JP2011067149A - Temperature controlling device - Google Patents

Abstract

<P>PROBLEM TO BE SOLVED: To provide a temperature controlling device capable of locally and quickly applying or absorbing heat to a temperature-controlling region of a temperature-controlled object. <P>SOLUTION: The temperature controlling device includes a plurality of Peltier elements 12-13, a heat-diffusion plate 10, a temperature detector 11, and a heat sink 16. The plurality of Peltier elements 12-13 are arranged interposing a definite space. The heat-diffusion plate 10 is brought into contact with the Peltier elements 12-13 on one face and with a biochip A on the other face. The temperature detector 11 is placed on the heat-diffusion plate 10. The side faces of the multiple Peltier elements 12-13 have a space between the faces. The heat-diffusion plate 10 has a protrusion 10a protruding into the space between the Peltier elements 12-13. The temperature detector 11 is placed in the protrusion 10a. That is, the temperature detector 11 of the temperature controlling device is inserted into a hole in the protrusion 10a. <P>COPYRIGHT: (C)2011,JPO&INPIT

Description

  The present invention relates to a temperature control device that heats or absorbs a temperature control object via a heat diffusion plate.

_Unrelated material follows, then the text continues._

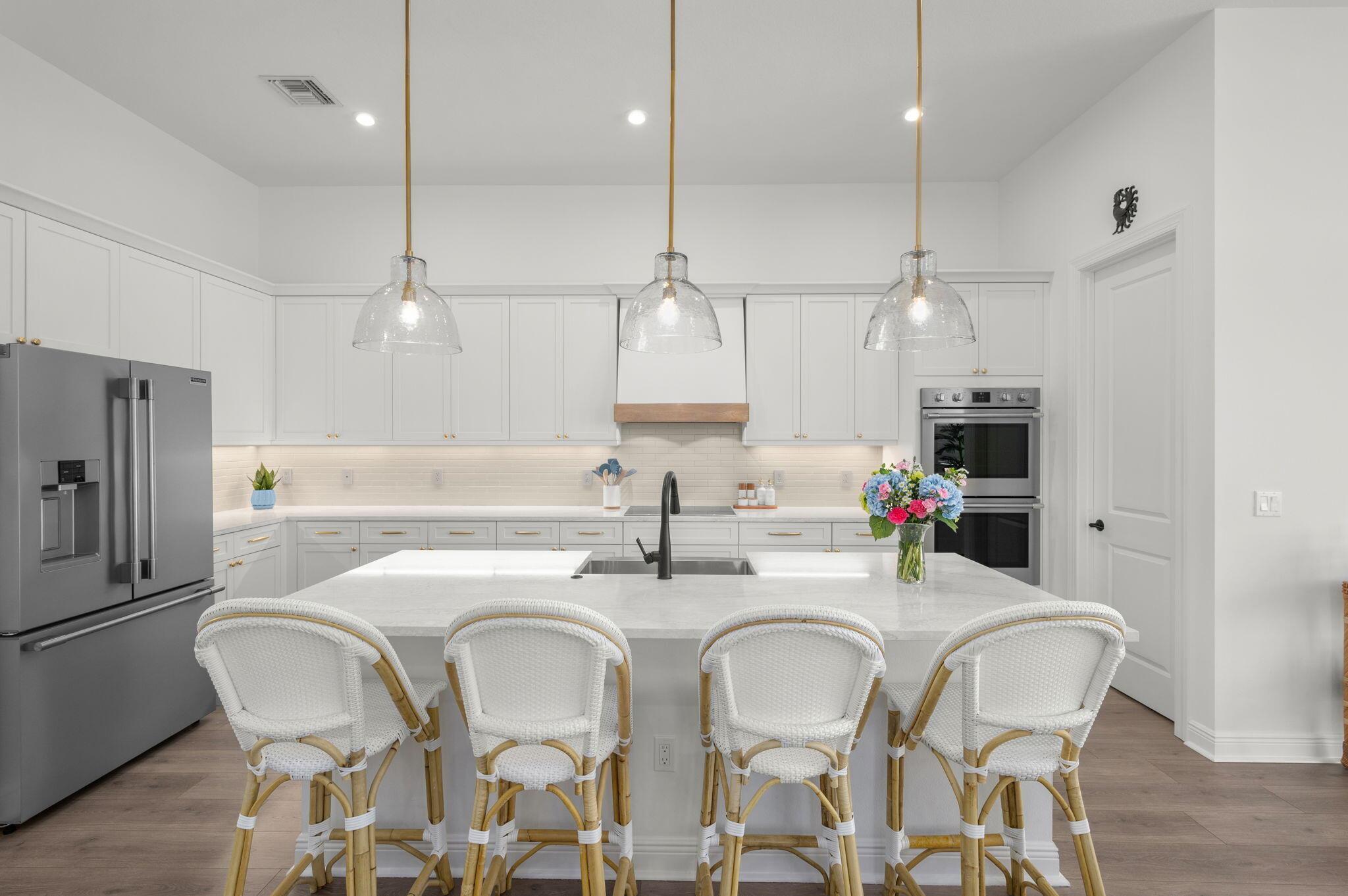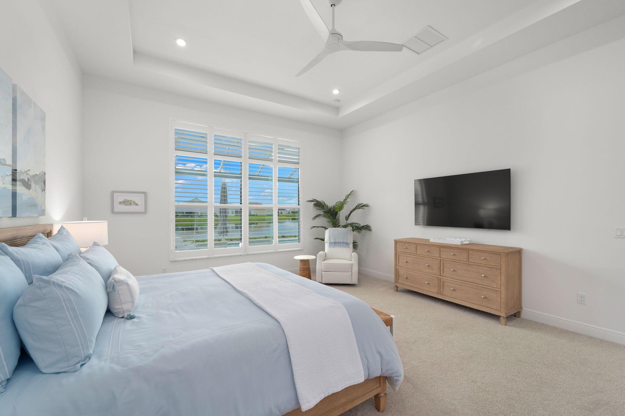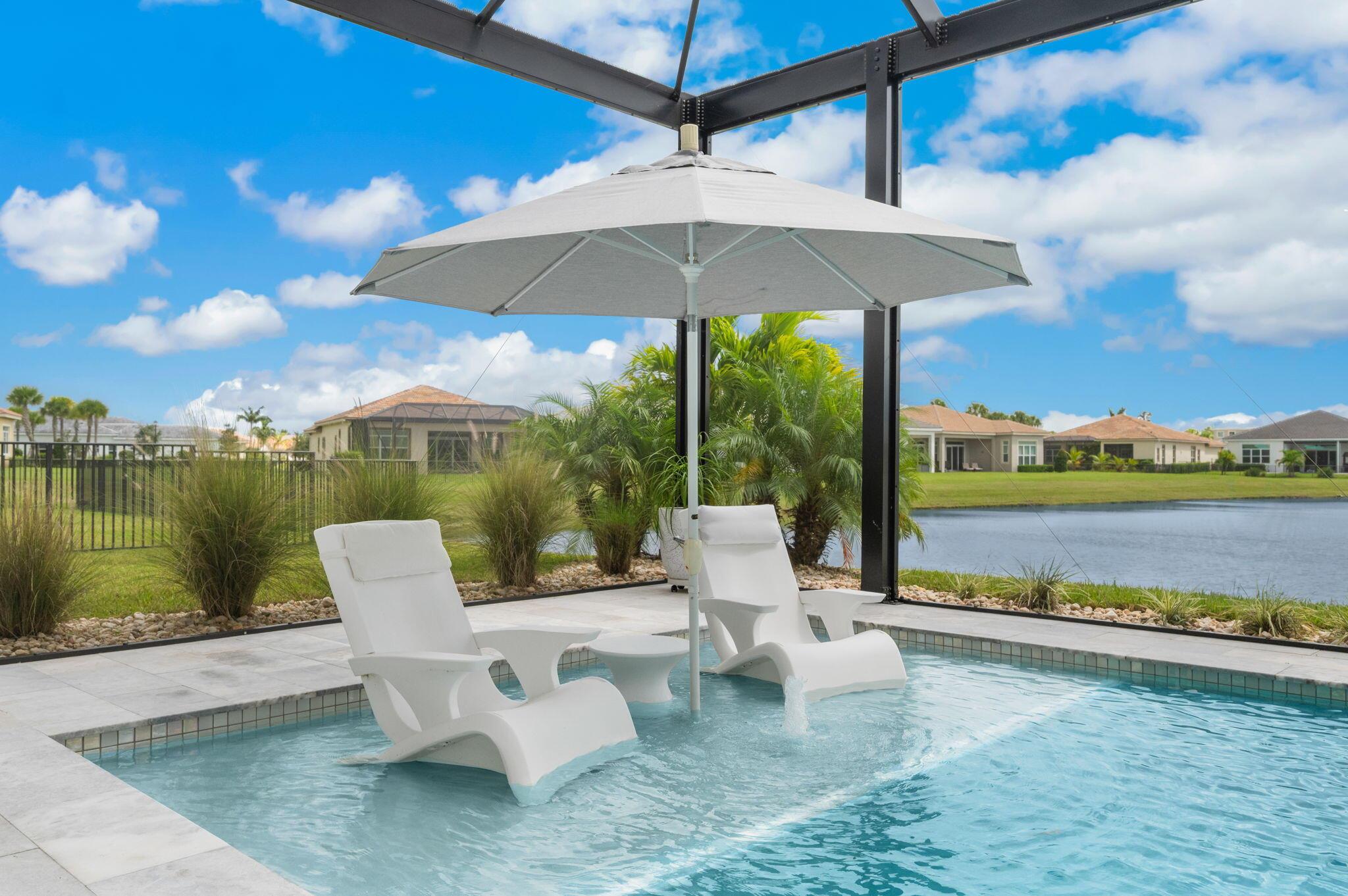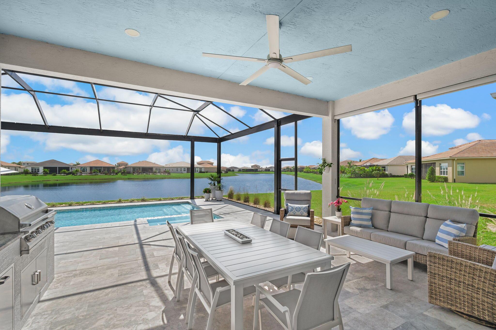 Stunning upgraded Madison model with sweeping lake views in PGA Verano. This meticulously maintained 3 bedroom, 3 bath pool home is designed for entertaining and everyday enjoyment. The chefs kitchen impresses with quartz countertops, oversized island, custom wood hood, double oven, abundant cabinetry, and a walk-in pantry with dual-zone wine fridge. The light-filled living area features high ceilings and wood flooring, seamlessly connecting the dining and family areas, anchored by a fireplace wall and 12-foot sliding doors that open to the outdoor retreat. Step onto the expansive marble pool deck and take in the serene, panoramic long-range lake view. The covered lanai boasts a 42'' BBQ grill, built-in fridge and leathered granite countertop,

  A PCR (polymerase chain reaction) method is known as a technique for amplifying DNA (deoxyribonucleic acid). This PCR method is a technique capable of amplifying DNA in a short time by periodically raising and lowering the temperature of an aqueous solution containing DNA. Then, in amplifying an arbitrary fragment of DNA by using this PCR method, a PCR container in which an aqueous solution containing DNA is stored is heated or endothermic.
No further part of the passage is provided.